One commonly-used method for controlling the direction of drilling a borehole is to utilize a “bent sub” at the bottom end of a drill stem, with a hydraulically-driven motor being mounted on the bent sub for operating the drill head. The bent sub positions the axis of the drill bit at a slight angle with respect to the axis of the drill stem and the hydraulic motor drives the drill bit at the angle of the bent sub, for example, at an angle of about one degree from the axis of the drill stem. The drill advances in the direction of the bend, thereby causing the borehole to curve in the direction of the bent sub and the angular position of the drill stem controls the angular direction of the curve. To drill a straight hole, the drill stem is continuously rotated while the drill bit is driven to thereby rotate the direction of the bent sub around the axis of the drill stem. This makes a slightly larger borehole, but causes it to be drilled in a straight line.
Alternatives to the foregoing technique for directional drilling include the technique described in British Patent 2,177,738, published Aug. 3, 1988. This patent discloses a steerable rotary drilling technique wherein a rotary drill stem passes through an enclosure tube, or housing, which is held against the sidewall of the borehole being drilled so that the tube does not rotate. Inside the tube, a system of hydraulically inflatable bags deflect, and thus bend, the drill stem in a controlled way with respect to the enclosure tube, and this bend causes the axis of the drill bit outside the housing to be angled with respect to the axis of the tube and thus of the borehole, causing the drill to advance in the direction of the bend to produce a curved borehole.
Another control mechanism for steerable rotary drilling systems is described in a publication of J. D. Barr et al entitled “Steerable Rotary Drilling with an Experimental System” presented at the 1995 SPE/IADC drilling conference held Feb. 28, 1995 (Paper Number SPE/IADC 29382). As there disclosed, a control mechanism selectively deflects drilling fluid against one of three radial pistons which extend out of the drill stem and against the wall of the borehole. The pistons are sequentially pushed outwardly as the drill stem rotates to press the drill stem away from a selected point on the borehole sidewall to thereby apply lateral force for steering the direction of drilling.
A third known control mechanism is illustrated in U.S. Pat. No. 5,168,941, wherein a stabilizer is anchored to the borehole wall. Drilling fluid actuates four pistons which press against the wall to adjust the location of the stem and to thereby apply lateral force to the drill bit to cause the borehole to curve.

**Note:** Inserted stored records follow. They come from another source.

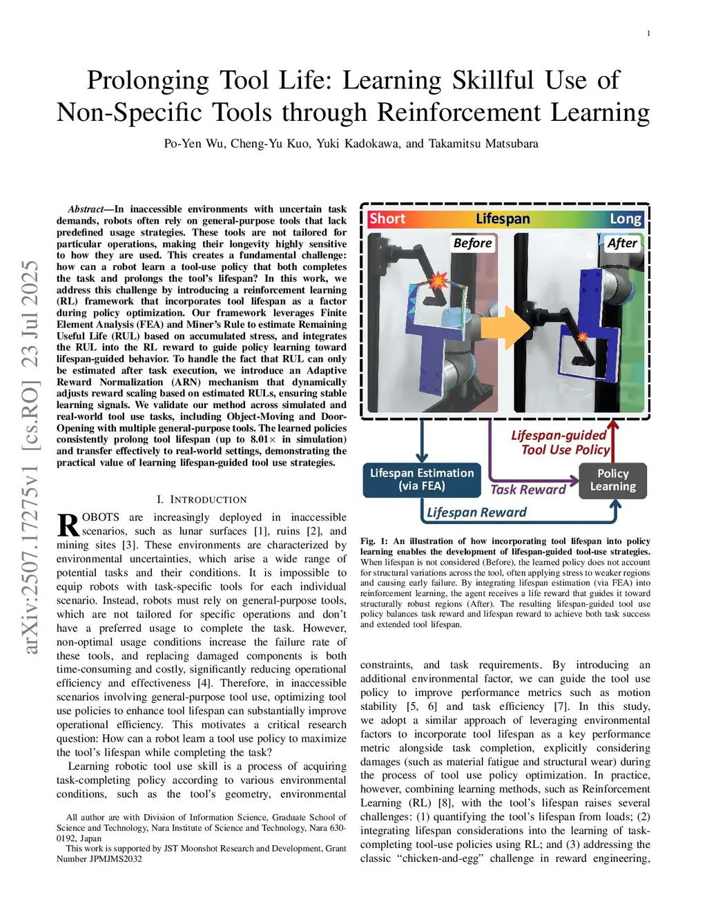 Prolonging Tool Life: Learning Skillful Use of General-purpose Tools through Lifespan-guided Reinforcement Learning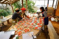 ▲収穫した野菜でピザづくり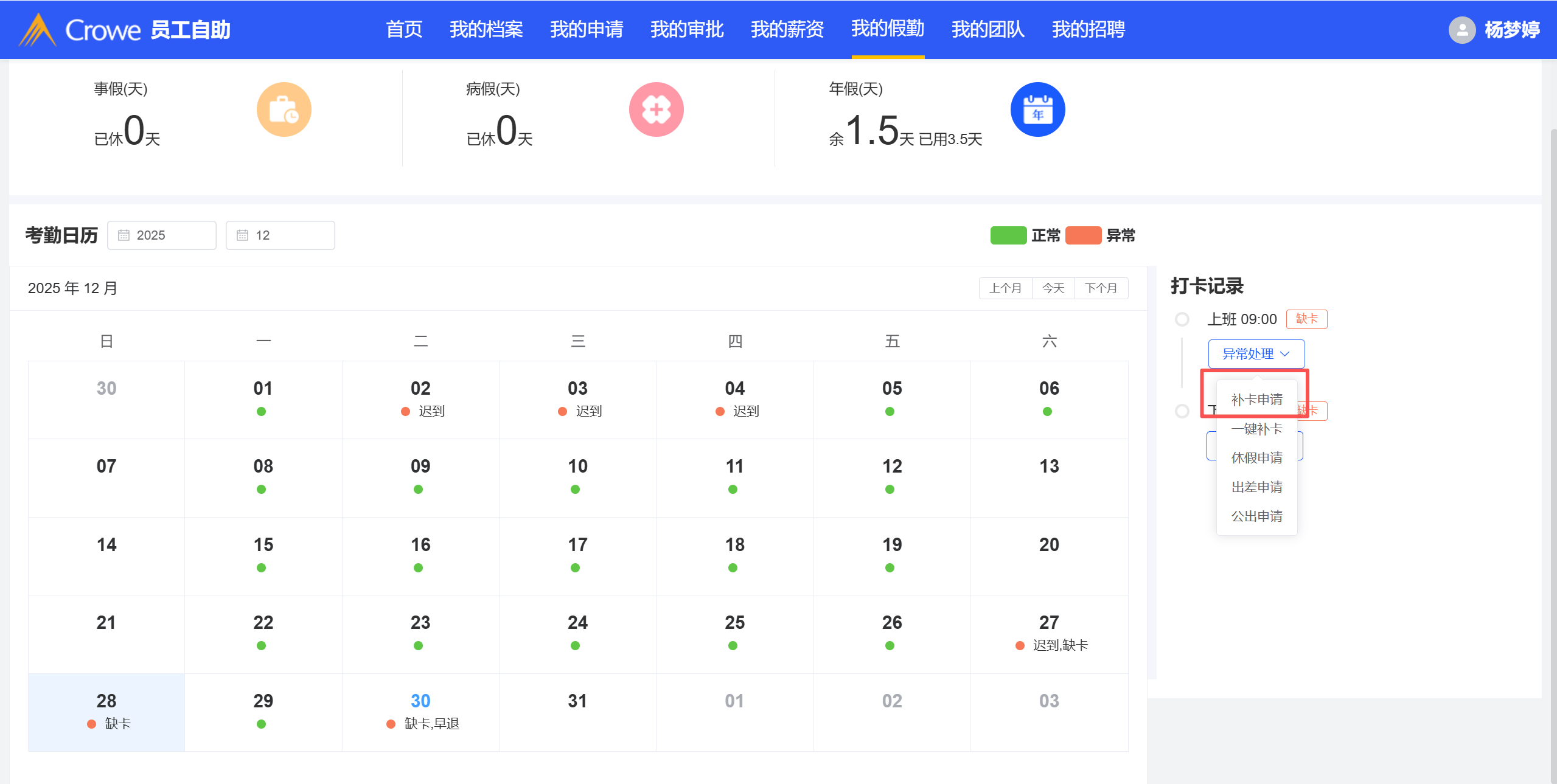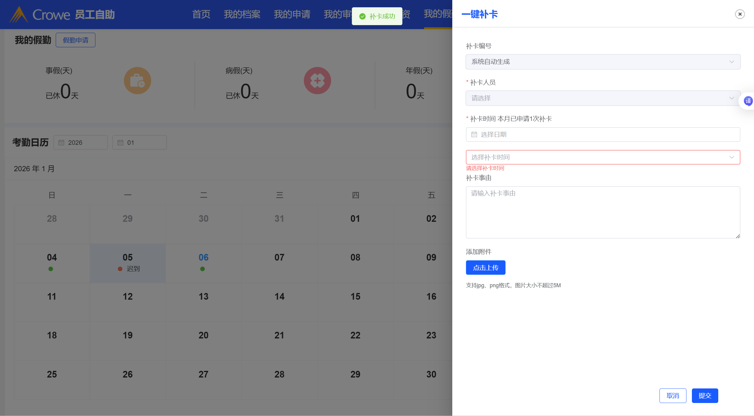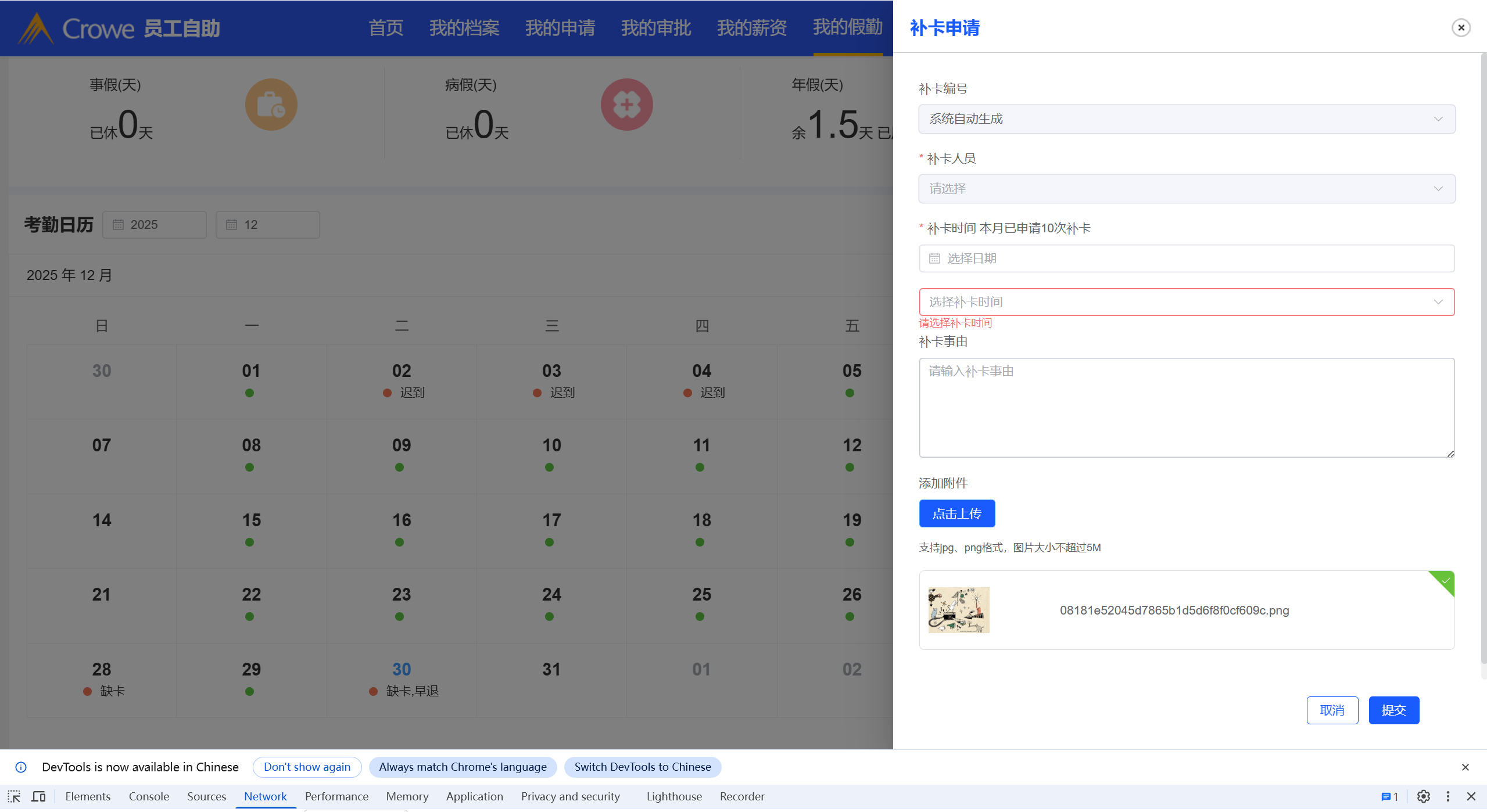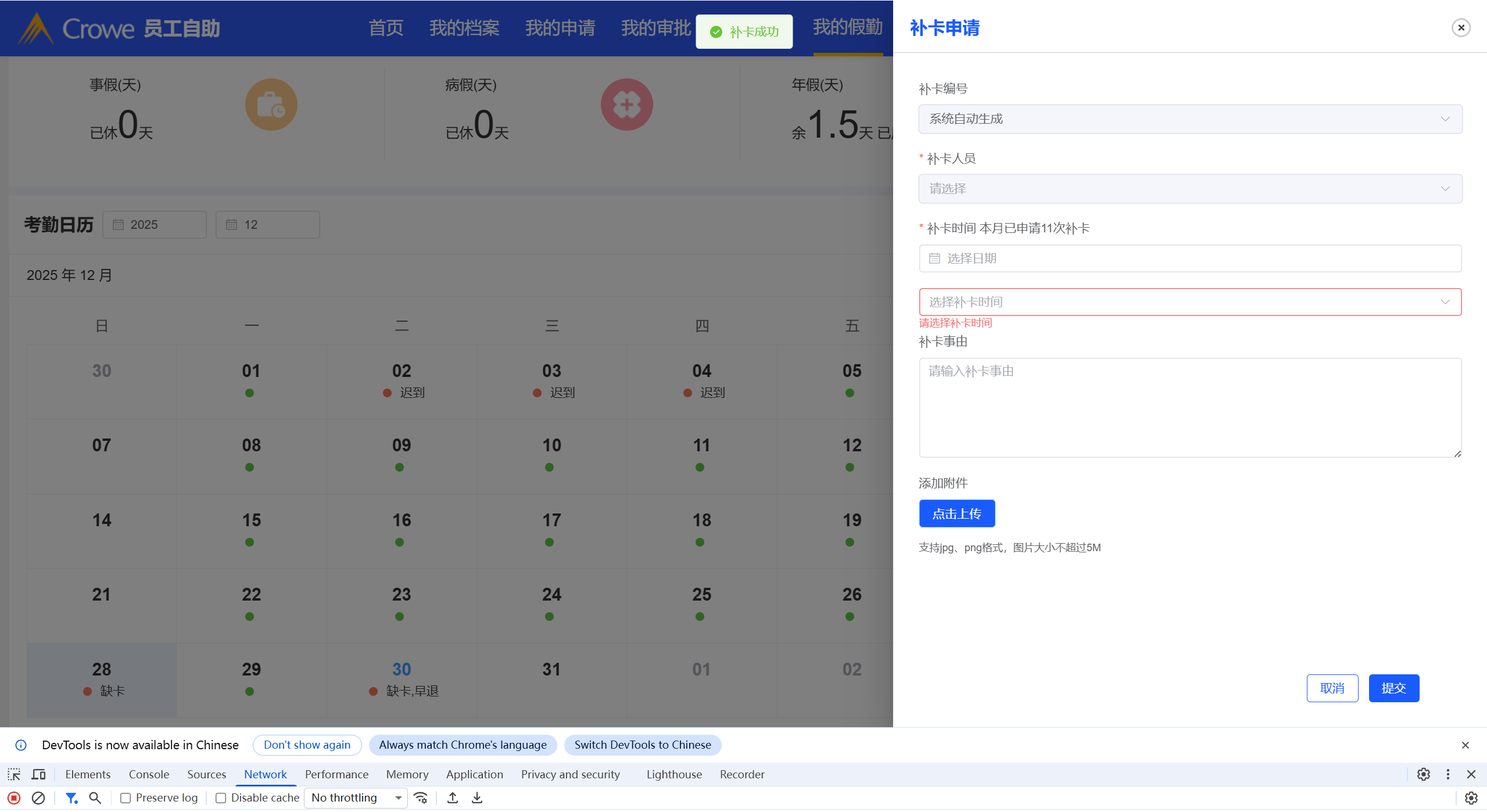 员工自助-补卡申请申请表单提交后,页面未初始化

Other control devices have been developed in the art to control drilling direction though the use of eccentric cams which bend the drill stem, as described, for example, in U.S. Pat. Nos. 5,307,885 and 5,316,090.
Each of the foregoing systems has been found to have problems, not only in producing an accurately controllable deflection in the drill stem, but in measuring the actual deflection produced by the control mechanism. Accordingly, there is a need for an improved control mechanism for directional drilling utilizing rotary drill stems.
Briefly, the present invention is directed to an improved steerable rotary drilling system having a directional controller mechanism incorporating a multiple cam actuator for bending a drill string to control its direction of drilling. In addition, the invention may include, in one embodiment, a detector mechanism for measuring the amount and direction of bending to provide feedback control of the drilling direction.
In general, the invention is directed to apparatus for controlling the direction of drilling in a borehole, and includes an elongated housing locatable in the borehole. A rotary drill stem extends coaxially through the housing and a first actuator set is mounted on the drill stem within the housing. A second actuator set is mounted on the drill stem adjacent the first actuator set, with actuators in the first and second sets being linked to each other for limited rotation relative to each other. Rotation of the drill stem causes the actuators to shift radially in opposite directions with respect to the axis of the drill stem to thereby shift the actuators alternately into and out of engagement with the housing to bend the drill stem with respect to the housing. Drivers are connected to selected actuators in each set to rotate them in order to change the bend in the drill stem.
In a preferred form of the invention, a directional controller mechanism for a rotary drill stem incorporates two axially spaced sets of actuators. These actuators preferably are coaxial, eccentric cams, and herein will be referred to as such, although it should be understood that the actuators can take other forms. Corresponding cams in the two sets are interconnected in pairs and are mounted on the drill stem to enable cams of one set to engage the interior of an elongated, directional enclosure tube, or control housing, surrounding a lower portion of the drill stem near its drill collar, while the cams of the other set are released from engagement. The control housing is located within the borehole being drilled, is restrained from rotating with respect to the borehole, and is secured at its upper and lower ends to the drill stem by suitable bearings which center the drill stem in the housing, with the actuator cams being located approximately midway between the housing ends. The cams are selectively rotatable with respect to the housing and the cams in at least some of the pairs of cams are rotatable with respect to each other. At least one cam engages the housing to shift the location of the drill stem laterally away from the axis of the housing, and thus of the borehole, to bend the portion of the drill stem which is in the housing. The bending of the drill stem causes the portions of the rotary drill stem which are outside the housing, and thus the drill bit carried by the drilling collar on the end of the drill string, to be angled with respect to the axis of the housing and the borehole, so that when the drill is operated, it tends to advance in the direction of the bend. By selective rotation of the cams, the desired amount and direction of borehole curvature can be obtained. To drill in a straight line, the cams are rotated to bring the axis of the drill stem into alignment with the axis of the housing, and thus of the borehole.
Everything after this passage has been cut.